# Weed Spray



## Kingwilly (Aug 12, 2010)

I think this been asked before, but does anyone use a lawn service to fertilize their lawns? I stopped my service last year when I got my pup, but the dandelions are in full bloom and I am not sure what to do. I have about an acre to deal with and need some advice....

Thanks,

KW


----------



## mswhipple (Mar 7, 2011)

I have the same concerns! I live on a lake, and I have a great dog. Consequently, I've decided not to put anything poisonous on my lawn that could end up in the lake or in the dog. My real goal in life is to live in agreement with nature. I've just learned to appreciate the dandelions. If they hadn't received so much bad press over the years, they could be considered quite pretty! 

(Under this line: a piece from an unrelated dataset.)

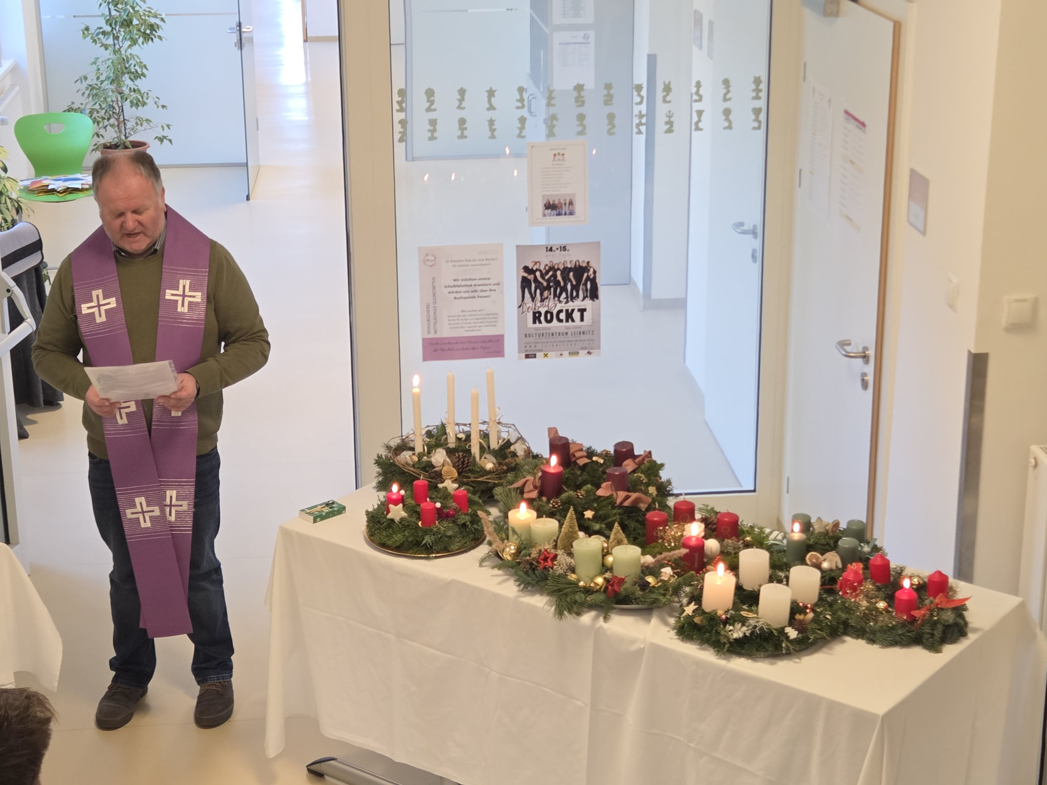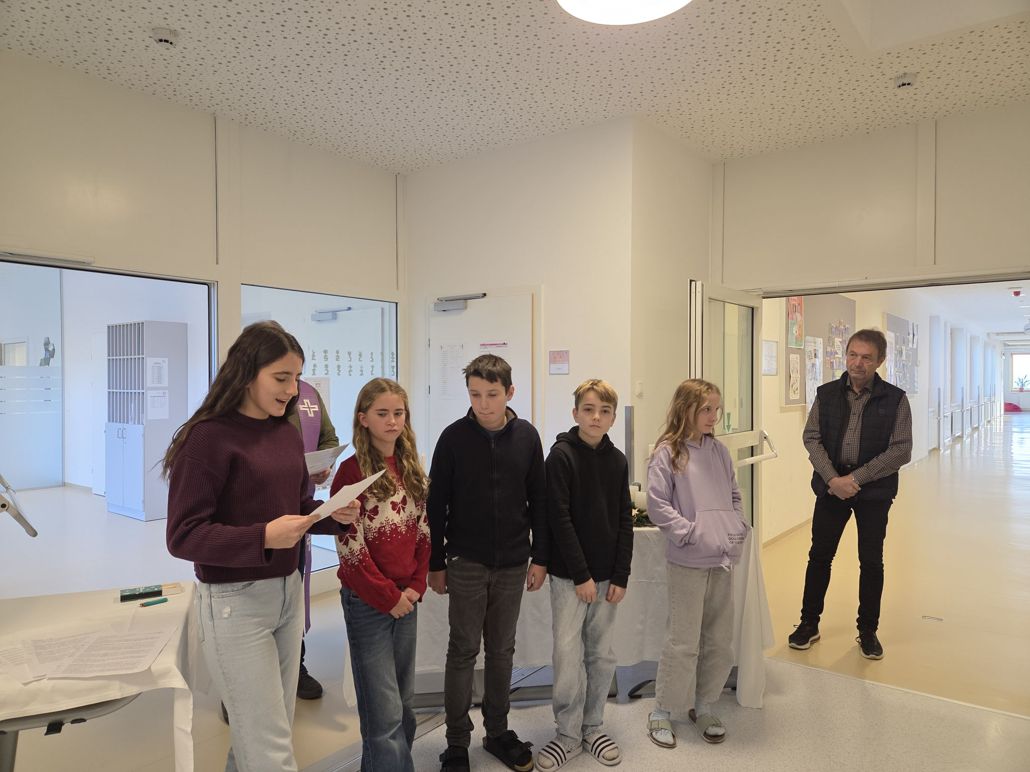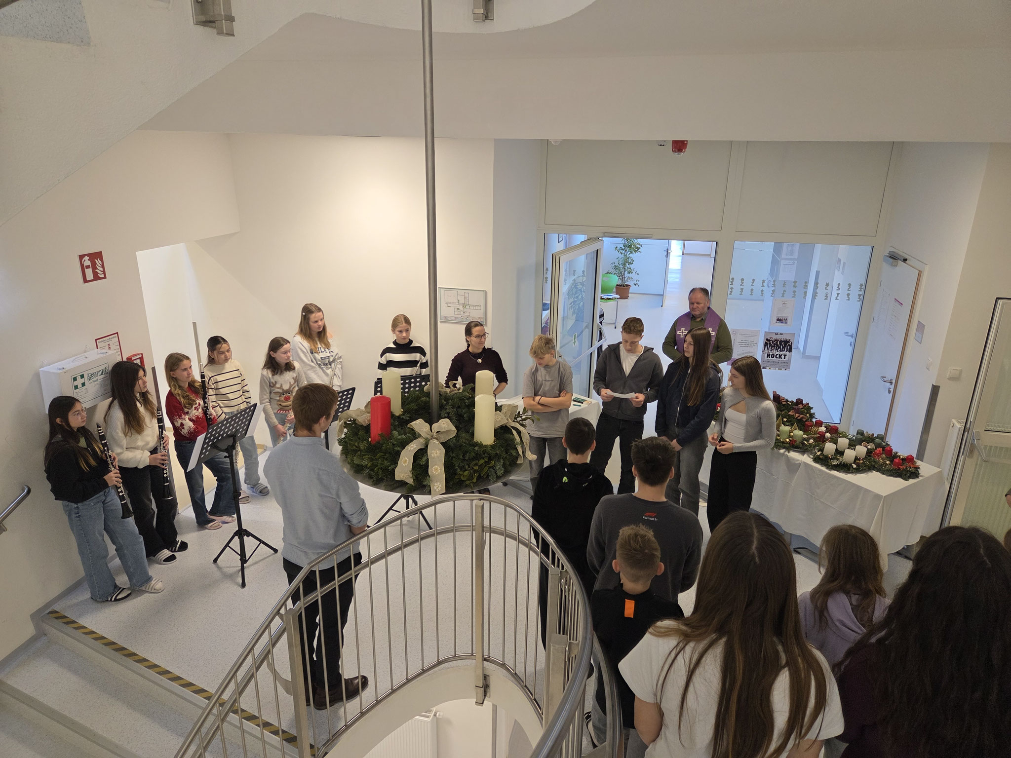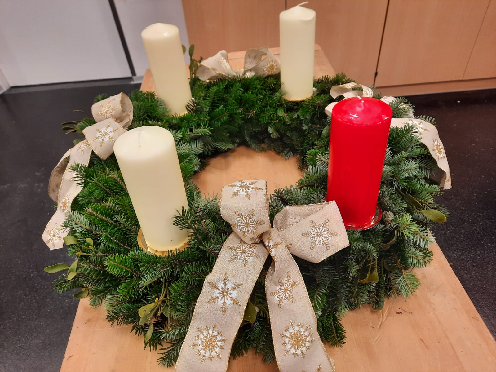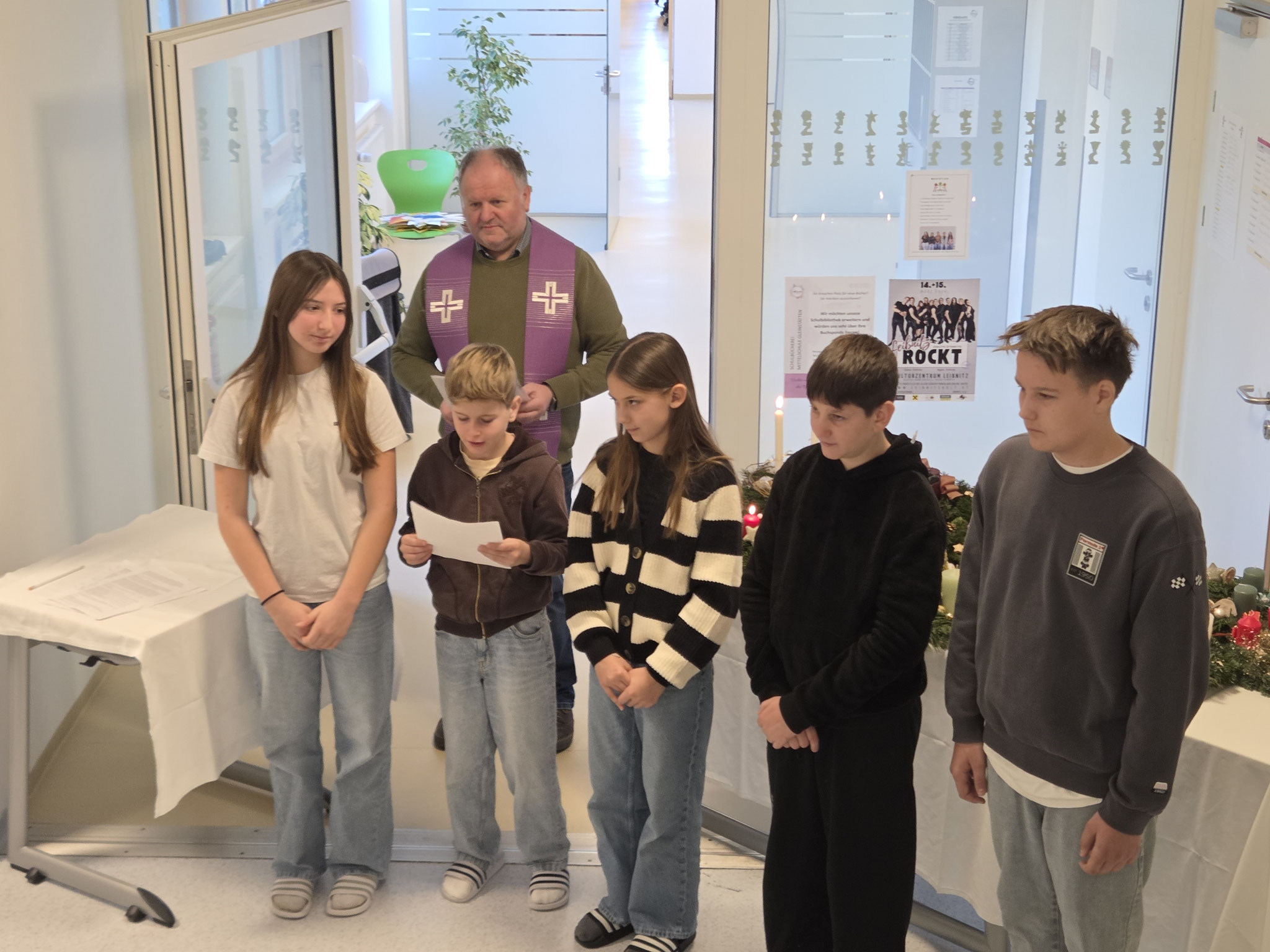 Die Klassensprecher:innen, ihre Stellvertreter:innen sowie die Schulsprecherin lasen Texte zur Entstehung und Bedeutung des Adventkranzes und Fürbitten vor, welche von Frau Döller vorbereitet wurden.

I don't use fertilizer on my lawn, either. It would just end up fertilizing the lake weeds. Amazingly, my lawn turns green every Spring!


----------



## Linescreamer (Sep 28, 2010)

Once bloomed it's too late. You can use the "halts" products and they will stop the crab grass (dandelions) and other weeds before they germinate. The only other way I know is to dig out the roots by hand. They have very deep roots but it can be done. There is also a weed killer spray that you can use but much harder to control them with the spray. I wouldn't let the dog on the lawn until after a good rain. I used the Lesco fertilizer with Halts this year and it does have less nitrogen. It has worked out well and less expensive then the Scotts turf builder product.


----------



## Sahara (Mar 22, 2009)

You might try the vinegar method. I have seen this posted on multiple websites and most show good results. It can kill grass though and other plants so be careful. There is also a place near where I live that sells organic and kid/pet safe products for use on lawns. You might try a google search and see if you can find something like this near where you live.


----------